HOW TO COMPLETE THIS TASK>
Reproduce verbatim all of the data given below, but do not carry over the images.
(RECORDS SUPPLIED)
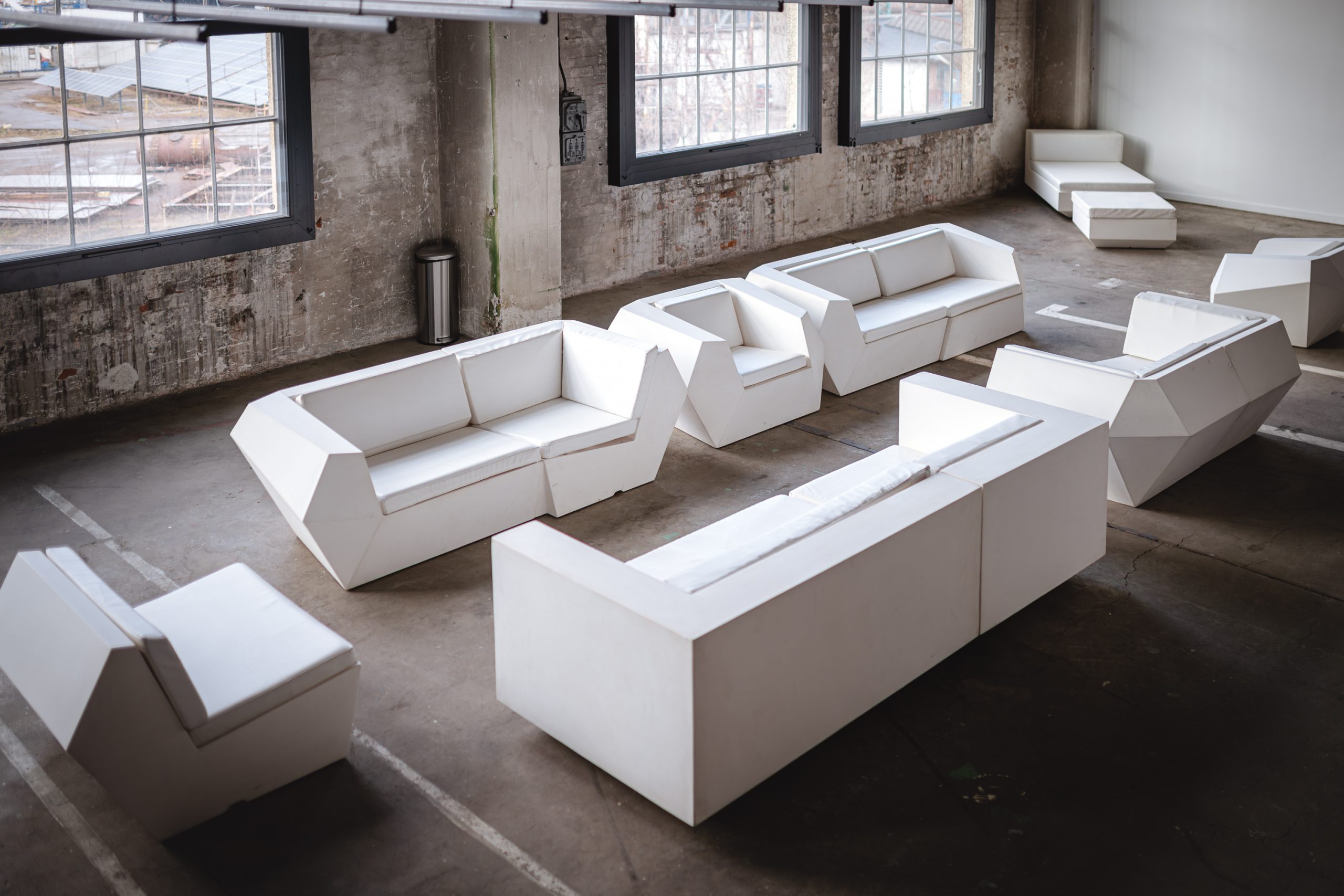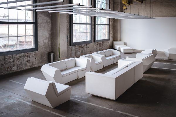 Nowoczesny, geometryczny design – proste linie i elegancka forma sprawiają, że sofa pasuje do luksusowych wydarzeń.
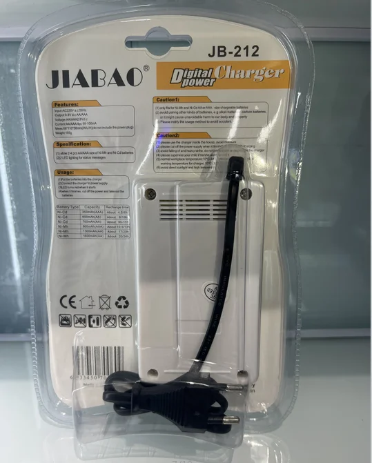 شاحن بطاريات جياباو JB-212 عملي وسهل الاستخدام، بيشحن بطاريات AA وAAA القابلة للشحن، وبيجي معاه 4 بطاريات . مناسب لأي أجهزة بتشتغل بالبطاريات زي الريموت، الألعاب، الكاميرات وغيرها. المواصفات: النوع: شاحن بطاريات الموديل: JB-212 الاستخدام: لبطاريات AA وAAA (نيكل كادميوم / نيكل ميتال) عدد منافذ الشحن: 4 أماكن لمبات إضاءة لمتابعة حالة الشحن بيشتغل على الكهرباء مباشرة المميزات: خفيف وسهل الحمل فيه نظام حماية من زيادة الشحن توفير في الفلوس بدل ما تشتري بطاريات كل شوية ينفع للأجهزة الإلكترونية المختلفة محتوى العبوة: 1 شاحن بطاريات 4 بطاريات قابلة لإعادة الشحن
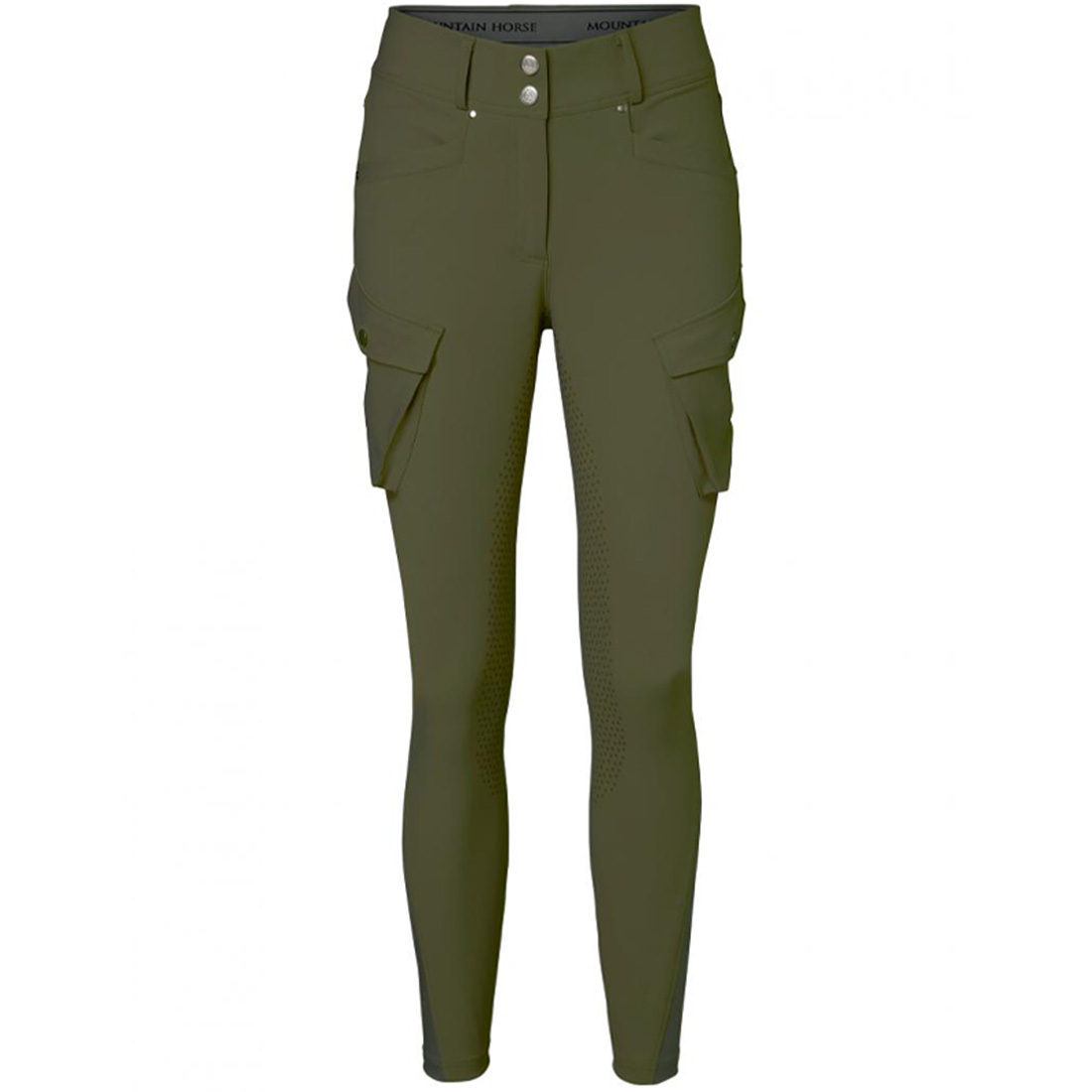 The Mountain Horse Estelle Cargo Full Grip riding breeches are super comfortable with practical cargo pockets and full seat with MH grip. Made from high-quality breathable fabric, they resist dirt and liquid. These breeches feature a high waist and belt loops along the waistband for a secure fit. The YKK front zipper and soft logo elastic inside the waistband add to the comfort. Cargo pockets come with MH snap closure, and the flexible bottom leg opening allows for extra movement.
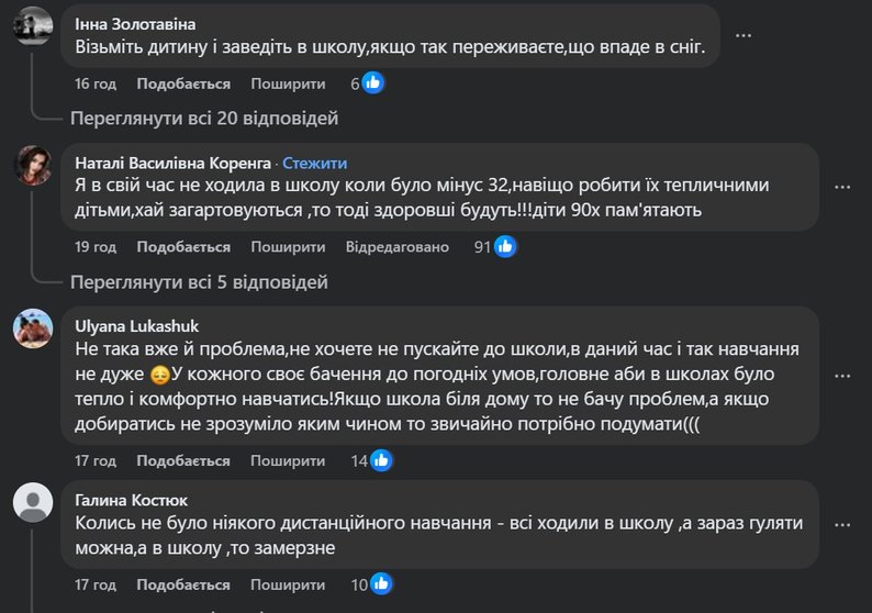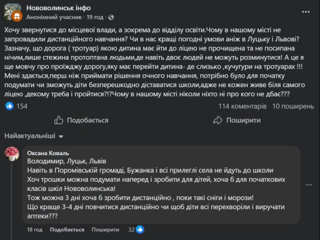 У Facebook-спільноті Нововолинська деякі місцеві жителі підтримують, а деякі виступають проти рішення міськради. Зокрема, користувачі соцмереж обговорювали доцільність скасування очного навчання через низькі температури.Прихильники традиційної форми навчання навпаки відповідали, що погодні умови не є приводом не йти до школи.Як зазначив Олег Янюк, наразі офіційних звернень від батьків із проханням запровадити дистанційне навчання в громаді до нього не надходили.
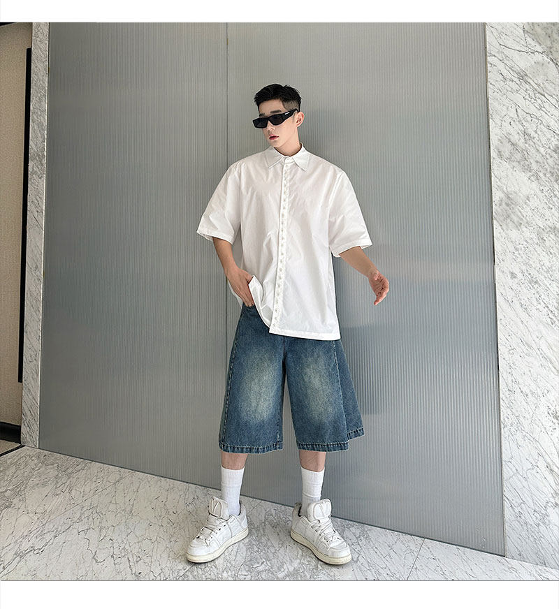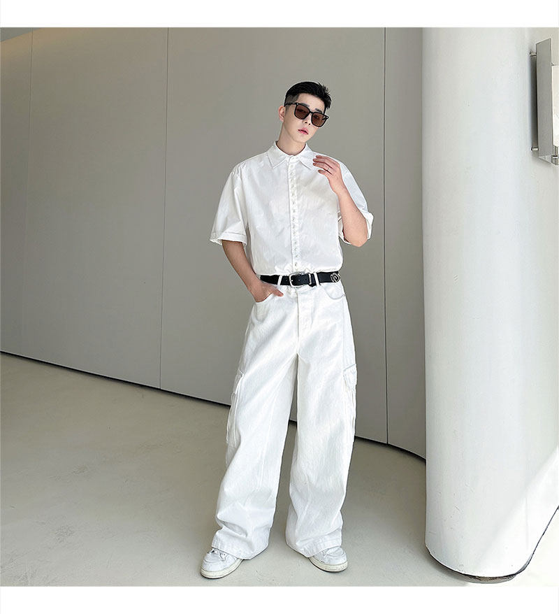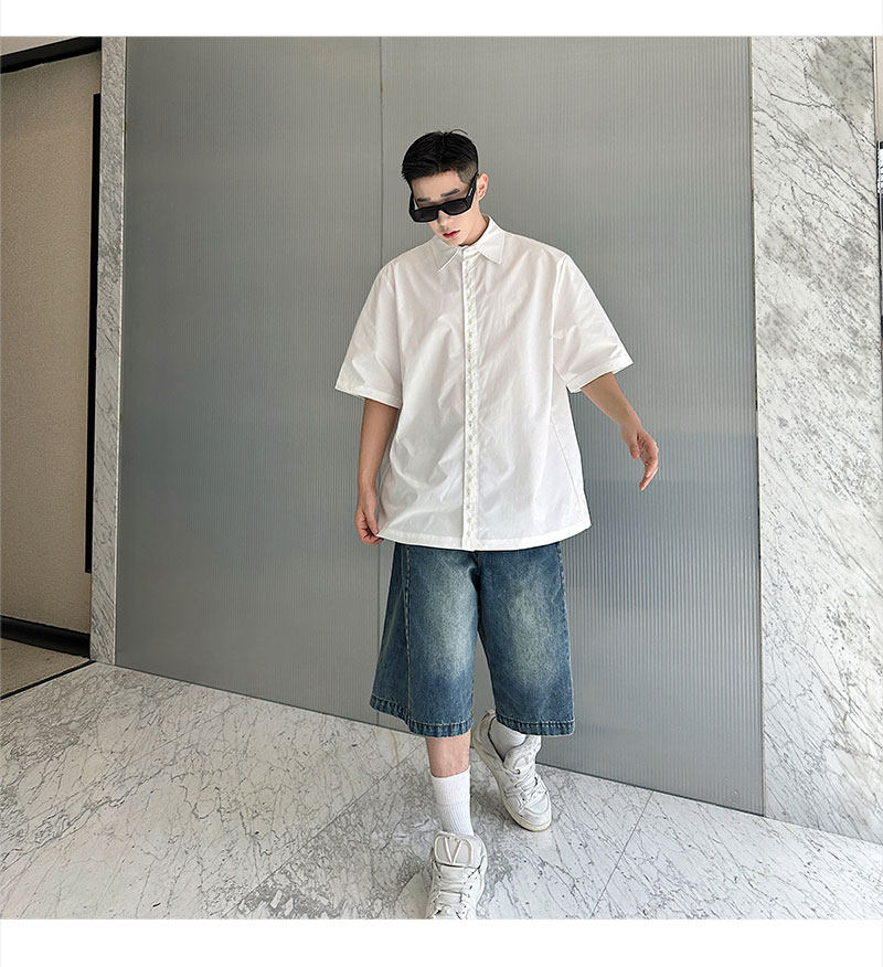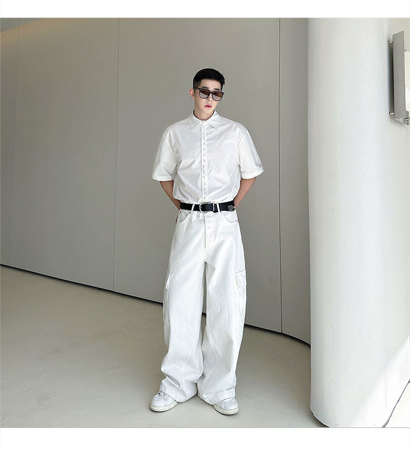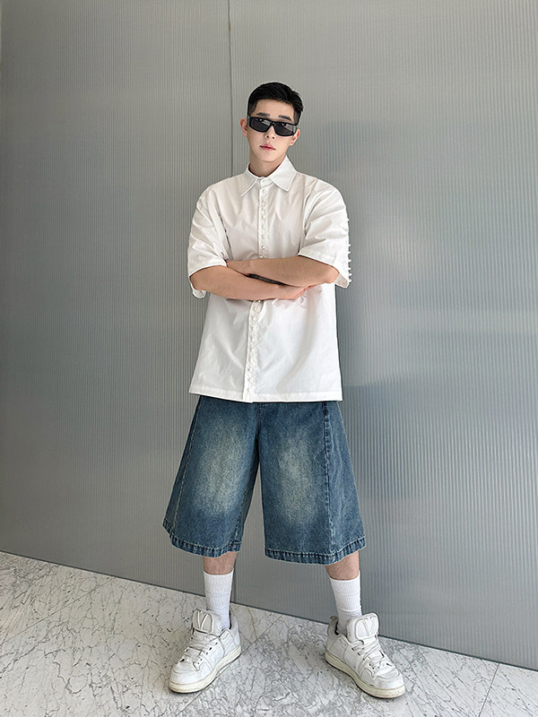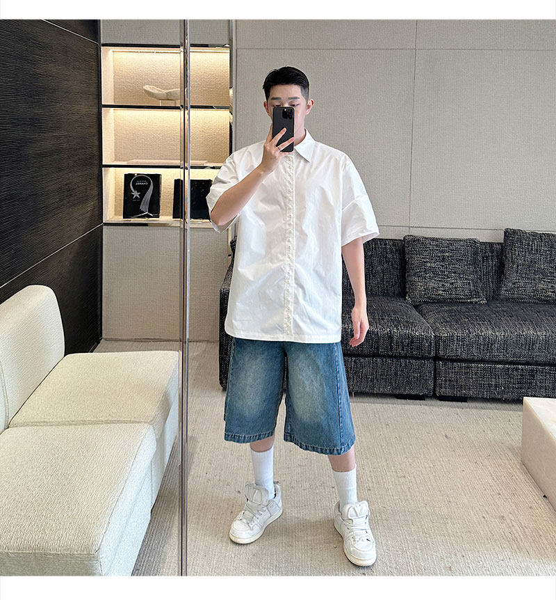 2025 Summer White Lapel Shirt Men's Short-sleeved Hand-beaded Fashionable Casual
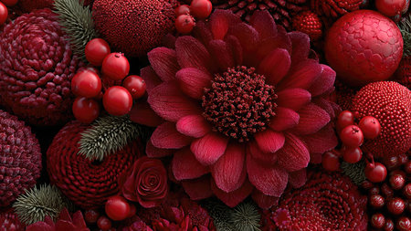 Vibrant red floral arrangement with textured blooms and lush botanical elements.
(End RECORDS SUPPLIED)
SOLUTION TO THIS EXERCISE>
 Nowoczesny, geometryczny design – proste linie i elegancka forma sprawiają, że sofa pasuje do luksusowych wydarzeń.
 شاحن بطاريات جياباو JB-212 عملي وسهل الاستخدام، بيشحن بطاريات AA وAAA القابلة للشحن، وبيجي معاه 4 بطاريات . مناسب لأي أجهزة بتشتغل بالبطاريات زي الريموت، الألعاب، الكاميرات وغيرها. المواصفات: النوع: شاحن بطاريات الموديل: JB-212 الاستخدام: لبطاريات AA وAAA (نيكل كادميوم / نيكل ميتال) عدد منافذ الشحن: 4 أماكن لمبات إضاءة لمتابعة حالة الشحن بيشتغل على الكهرباء مباشرة المميزات: خفيف وسهل الحمل فيه نظام حماية من زيادة الشحن توفير في الفلوس بدل ما تشتري بطاريات كل شوية ينفع للأجهزة الإلكترونية المختلفة محتوى العبوة: 1 شاحن بطاريات 4 بطاريات قابلة لإعادة الشحن
 The Mountain Horse Estelle Cargo Full Grip riding breeches are super comfortable with practical cargo pockets and full seat with MH grip. Made from high-quality breathable fabric, they resist dirt and liquid. These breeches feature a high waist and belt loops along the waistband for a secure fit. The YKK front zipper and soft logo elastic inside the waistband add to the comfort. Cargo pockets come with MH snap closure, and the flexible bottom leg opening allows for extra movement.
 У Facebook-спільноті Нововолинська деякі місцеві жителі підтримують, а деякі виступають проти рішення міськради. Зокрема, користувачі соцмереж обговорювали доцільність скасування очного навчання через низькі температури.Прихильники традиційної форми навчання навпаки відповідали, що погодні умови не є приводом не йти до школи.Як зазначив Олег Янюк, наразі офіційних звернень від батьків із проханням запровадити дистанційне навчання в громаді до нього не надходили.
 2025 Summer White Lapel Shirt Men's Short-sleeved Hand-beaded Fashionable Casual
 Vibrant red floral arrangement with textured blooms and lush botanical elements.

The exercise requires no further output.